The youth centre we visited, offered small-group language courses in English and Mandarin, as well as career clinics for accounting, investments, stock reading, computer sciences, and a pop-up job agency.

We stopped for a quick lunch to refuel at Ria Galleria, a chic art gallery-cum-restaurant, a Surabaya institution. Upon arrival we were presented with a tray of extraordinary, luminous rainbow-coloured drinks with frothy coco toppings, immediately raising insulin levels and restoring our energy.


Kartika and Ibu Risma in front of the Rumah HOS Cokroaminoto

With not much ado, Ibu Risma seized the moment and drove us to Rumah HOS Cokroaminoto. This used to be the house, or rather compound of activists, under the auspices of Hadji Oemar Said Tjokroaminoto. HOS was the head of the influential and revolutionary organisation ‘Serekat Islam’ at the time and most importantly the mentor of the young Bung Karno, later the founding father of Indonesia. As a young man, Kartika’s father boarded and spent some of his forming years here.


Bung Karno’s favourite book store, Toko Buku Peneleh, Peneleh, is still across the street.

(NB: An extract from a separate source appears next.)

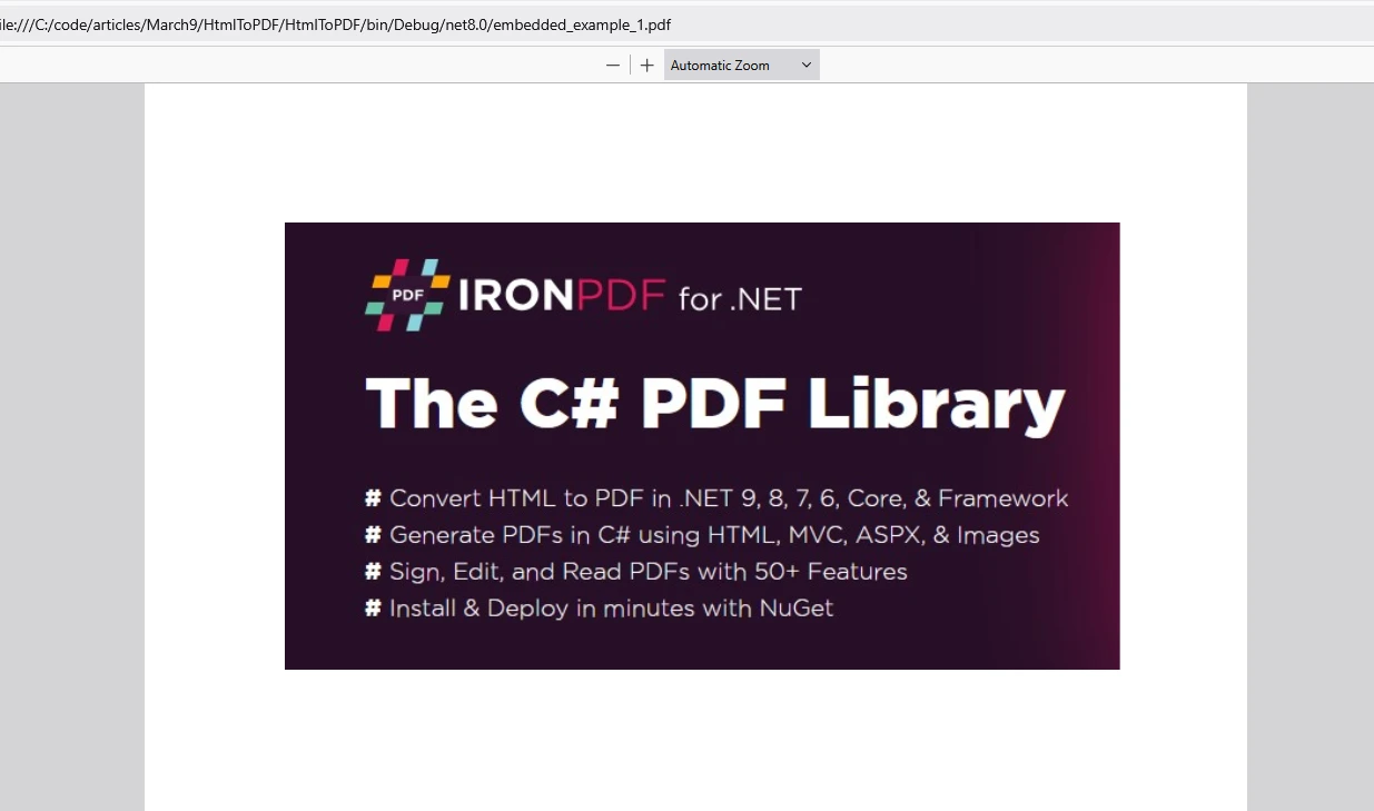 <img>タグ。HTML を PDF にレンダリングする: IronPDF の ChromePdfRenderer を使用して、画像が埋め込まれた HTML を PDF ドキュメントにレンダリングします。

Today these beautifully kept and restored tropical, semi-colonial houses are perched along a calm pedestrian alleyway, stoically reminding of a place, where history was concocted.

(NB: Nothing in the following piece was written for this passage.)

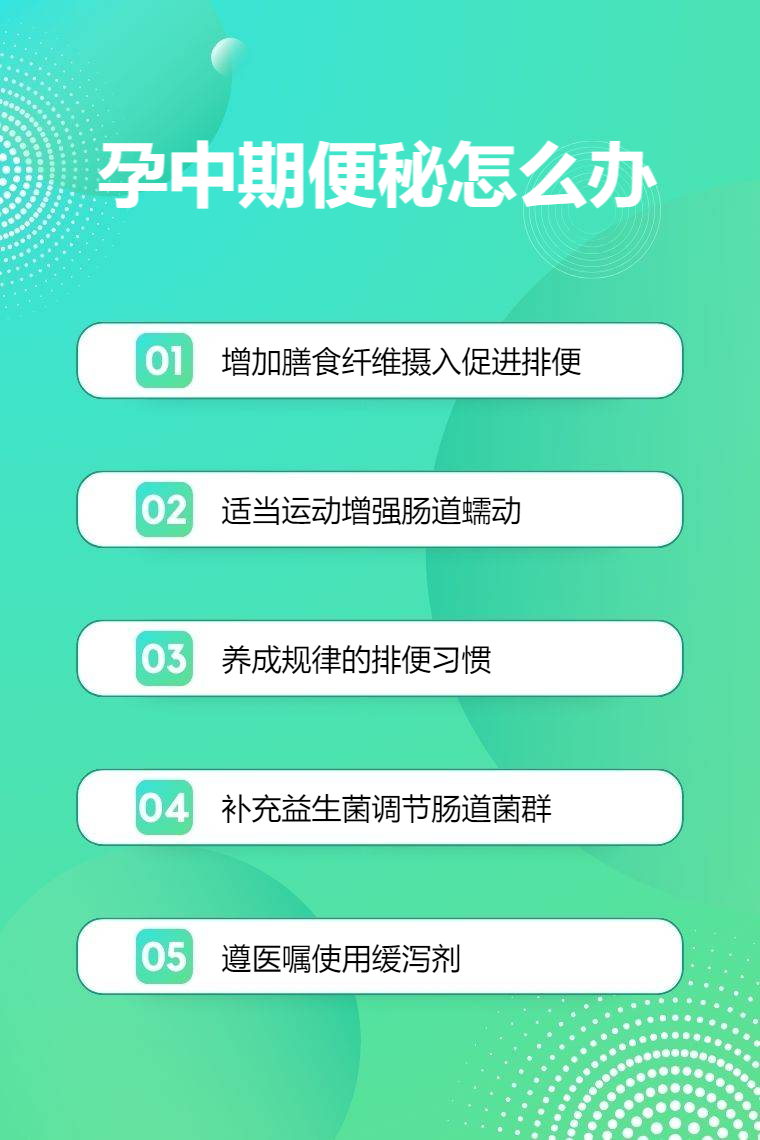 4. 补充益生菌:补充益生菌可调节肠道菌群,改善孕中期便秘。肠道内有益菌增多能抑制有害菌生长,改善肠道微生态环境,增强肠道功能,促进消化吸收和粪便排出,减轻便秘带来的不适。可选择双歧杆菌三联活菌胶囊、地衣芽孢杆菌活菌颗粒、枯草杆菌二联活菌肠溶胶囊等。

Visiting the sleeping quarters of Bung Karno, as Soekarno was then called


Stirring up emotions of memory and loss, Kartika was moved by the prevailing ambiance of erudition and idealism, defined by memorabilia, sepia-coloured photographs and elegant, art-deco- ish teak furniture, witnesses of a game-changing moment. It certainly was a solemn occasion and I felt privileged to be part of it.


Ibu Risma is admittedly a Soekarno devotee and often takes lots of young school children to this place to teach them about their country’s beginnings and how it came about.


Ibu Risma, Kartika and Juliarty paying tribute to the Founding Father of Indonesia

Back at the Majapahit, we had our last bonding session on global political issues, while a few seats away, a beautiful, young bride was getting prepped by her chatty girlfriends for her big day in a big dress. This is Indonesia’s future.

Jakarta was calling and it was time to say our farewells. Our 24-hour stint to a transformed Surabaya was a revelation with its memorable encounters of visionaries and doers.

A discovery of home-grown Indonesian social activism with global appeal and a cultural commitment to their citizens at large.

At the airport, we are taking our gift bags from Ibu Risma through security, they claim: ‘Surabaya – you will love every corner of it’. Indeed, we did.